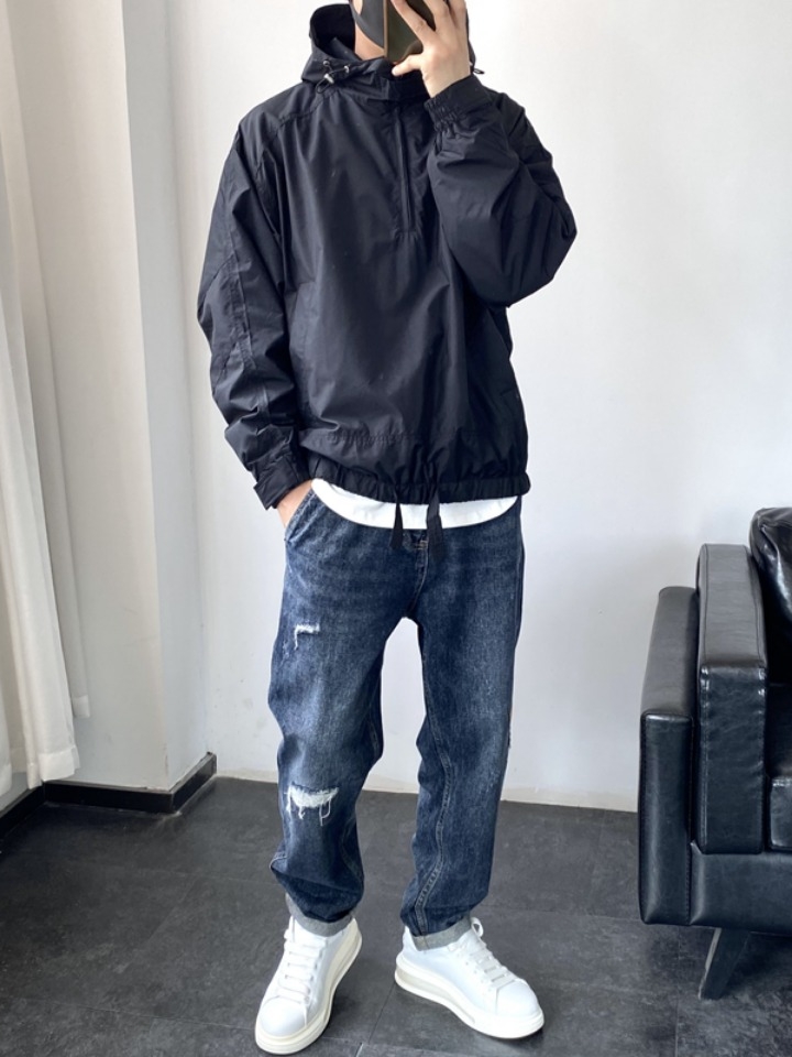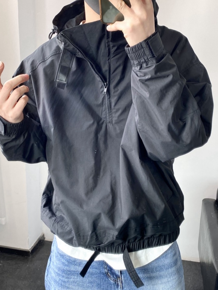 这款短款精干的外套,在纯色的衣身上融入复古的风格,显得十分具有古典范。这款版型宽松显瘦,而且在搭配上不会给予你太多的拘束。高领连帽设计,在一定程度上,抵御了风寒的入侵,美观又实用。另外,对称式的口袋设计,人性化十足,给予你充分的收纳手机等等财务的空间。
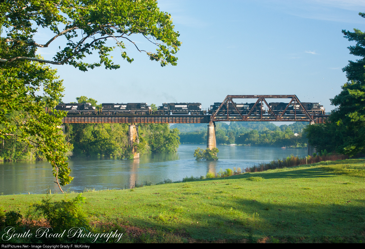 As the last of the morning fog burns off NS #2629 leads eastbound train 179 over the calm waters of the Holston River at Strawberry Plains, TN on this cool August morning.
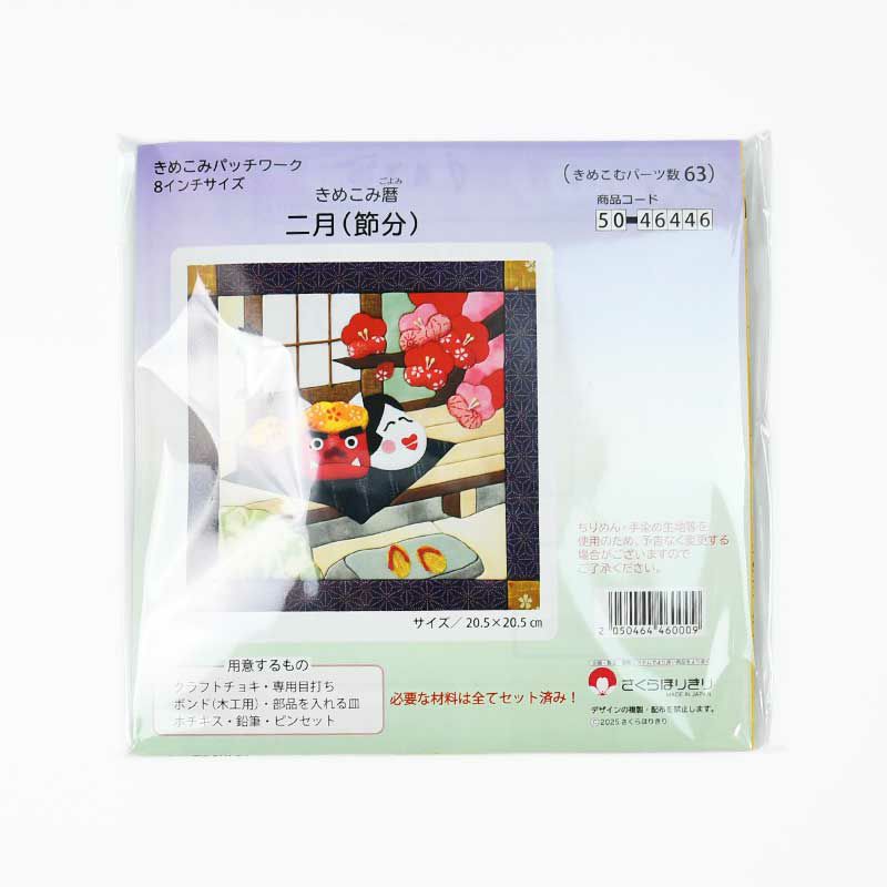 一年を月ごとの風物詩で表現する「歳時記シリーズ」2月は梅がほころぶ様子に春の訪れを予感させる節分の絵柄。豆まきが始まる前の心弾む風景を色柄の楽しい布で表現します。
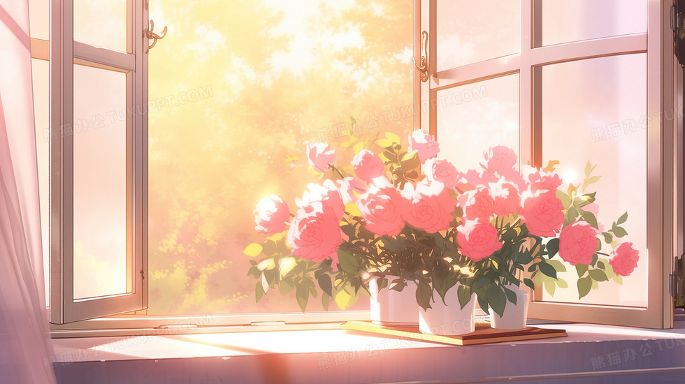 本作品内容为窗户外阳光下的春日美景插画, 格式为 jpg, 大小3 MB, 图片尺寸为2912 x 1632, 源文件无水印, 欢迎使用熊猫办公。 如认为平台内容涉嫌侵权,可通过邮件:tousu@tukuppt.com提出书面通知,我们将及时处理。
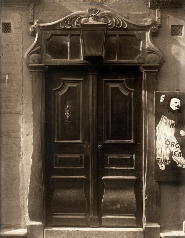 Fotografi av Gamlegårdens entrédörr på Norra Storgatan. Spegeldörren, som är dubbel, är ornamenterad och ovanför hänger en stor lykta. Till höger om dörren sitter en stor skylt som verkar vara reklam för ett tvätteri. På skylten finns en clown och halva ord, som "KEM...", "ÖRGR..." och " TVÄTT & FÄRGER", går att utläsa.
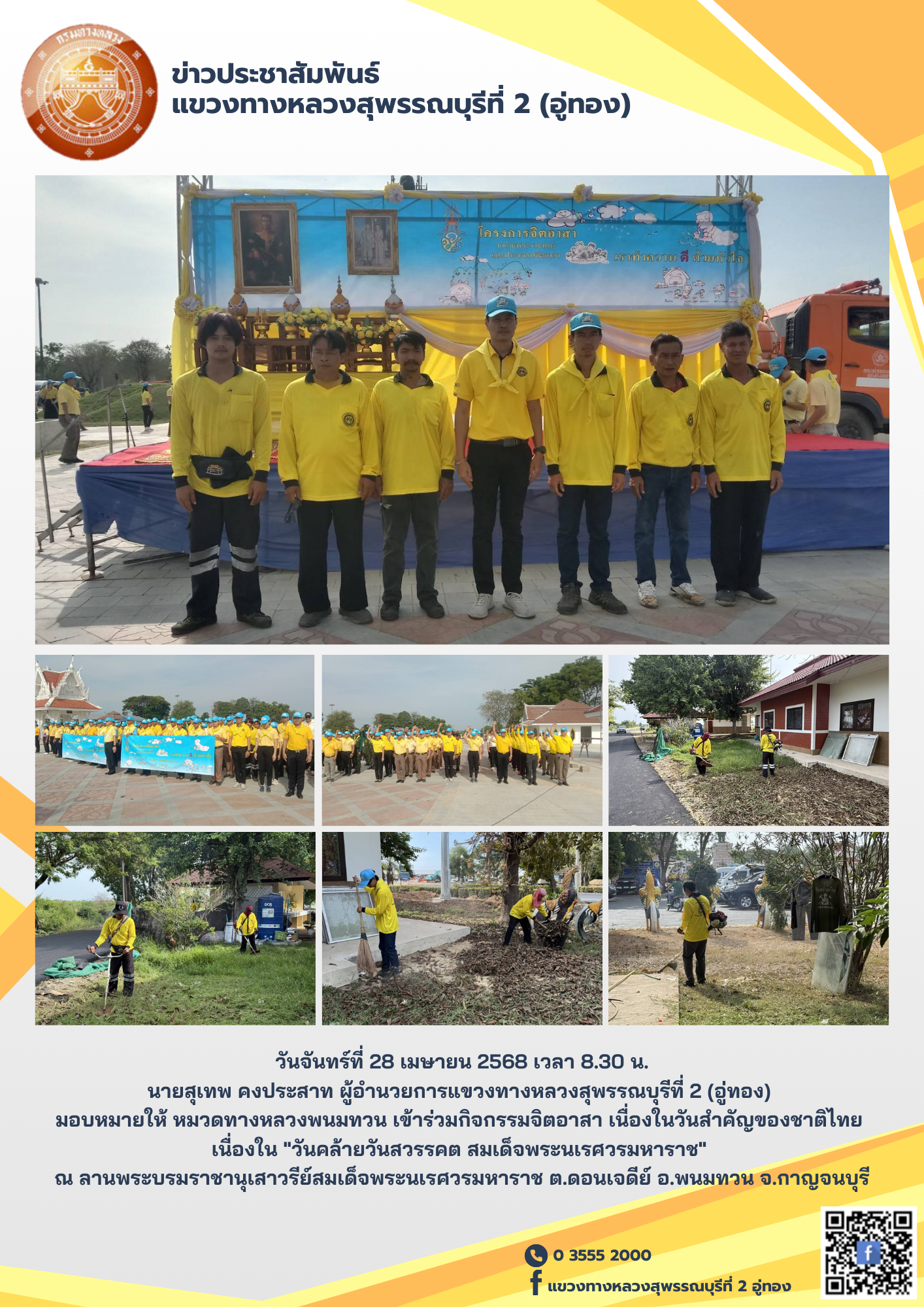 นายสุเทพ คงประสาท ผู้อำนวยการแขวงทางหลวงสุพรรณบุรีที่ 2 (อู่ทอง) มอบหมายให้ หมวดทางหลวงพนมทวน
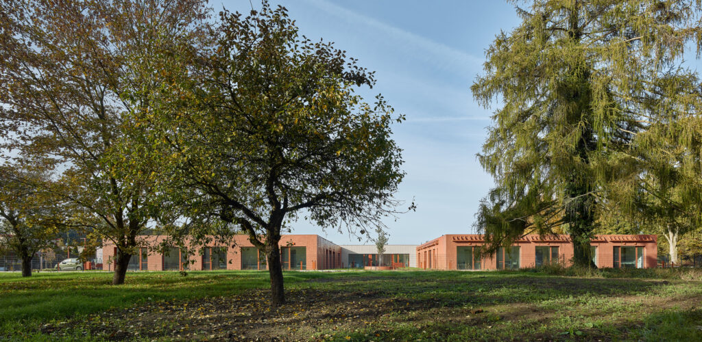 Il lotto, ampio e pianeggiante, ha consentito la realizzazione di un edificio a un solo piano, esteso e percorribile, immerso in un paesaggio orizzontale fatto di campi, boschi e strade che si perdono all’orizzonte. La composizione planimetrica richiama un quadrifoglio: quattro “famiglie” disposte ortogonalmente attorno a un nucleo centrale. Un’immagine quasi classica, simmetrica, che evoca solidità e misura. L’accesso principale, a sud, conduce a una hall luminosa affacciata su un grande atrio ovale, cuore distributivo dell’intero complesso. Da qui si diramano i percorsi verso i singoli nuclei, in un sistema che evita i corridoi lineari e favorisce invece sequenze raccolte attorno a corti interne. L’idea è semplice quanto efficace: camminare come gesto quotidiano, attraversare la luce, mantenere un rapporto costante con il giardino.
- - - -
Aim of the exercise
No picture should be included when the data are set down again exactly.

Exercise solution
 这款短款精干的外套,在纯色的衣身上融入复古的风格,显得十分具有古典范。这款版型宽松显瘦,而且在搭配上不会给予你太多的拘束。高领连帽设计,在一定程度上,抵御了风寒的入侵,美观又实用。另外,对称式的口袋设计,人性化十足,给予你充分的收纳手机等等财务的空间。
 As the last of the morning fog burns off NS #2629 leads eastbound train 179 over the calm waters of the Holston River at Strawberry Plains, TN on this cool August morning.
 一年を月ごとの風物詩で表現する「歳時記シリーズ」2月は梅がほころぶ様子に春の訪れを予感させる節分の絵柄。豆まきが始まる前の心弾む風景を色柄の楽しい布で表現します。
 本作品内容为窗户外阳光下的春日美景插画, 格式为 jpg, 大小3 MB, 图片尺寸为2912 x 1632, 源文件无水印, 欢迎使用熊猫办公。 如认为平台内容涉嫌侵权,可通过邮件:tousu@tukuppt.com提出书面通知,我们将及时处理。
 Fotografi av Gamlegårdens entrédörr på Norra Storgatan. Spegeldörren, som är dubbel, är ornamenterad och ovanför hänger en stor lykta. Till höger om dörren sitter en stor skylt som verkar vara reklam för ett tvätteri. På skylten finns en clown och halva ord, som "KEM...", "ÖRGR..." och " TVÄTT & FÄRGER", går att utläsa.
 นายสุเทพ คงประสาท ผู้อำนวยการแขวงทางหลวงสุพรรณบุรีที่ 2 (อู่ทอง) มอบหมายให้ หมวดทางหลวงพนมทวน
 Il lotto, ampio e pianeggiante, ha consentito la realizzazione di un edificio a un solo piano, esteso e percorribile, immerso in un paesaggio orizzontale fatto di campi, boschi e strade che si perdono all’orizzonte. La composizione planimetrica richiama un quadrifoglio: quattro “famiglie” disposte ortogonalmente attorno a un nucleo centrale. Un’immagine quasi classica, simmetrica, che evoca solidità e misura. L’accesso principale, a sud, conduce a una hall luminosa affacciata su un grande atrio ovale, cuore distributivo dell’intero complesso. Da qui si diramano i percorsi verso i singoli nuclei, in un sistema che evita i corridoi lineari e favorisce invece sequenze raccolte attorno a corti interne. L’idea è semplice quanto efficace: camminare come gesto quotidiano, attraversare la luce, mantenere un rapporto costante con il giardino.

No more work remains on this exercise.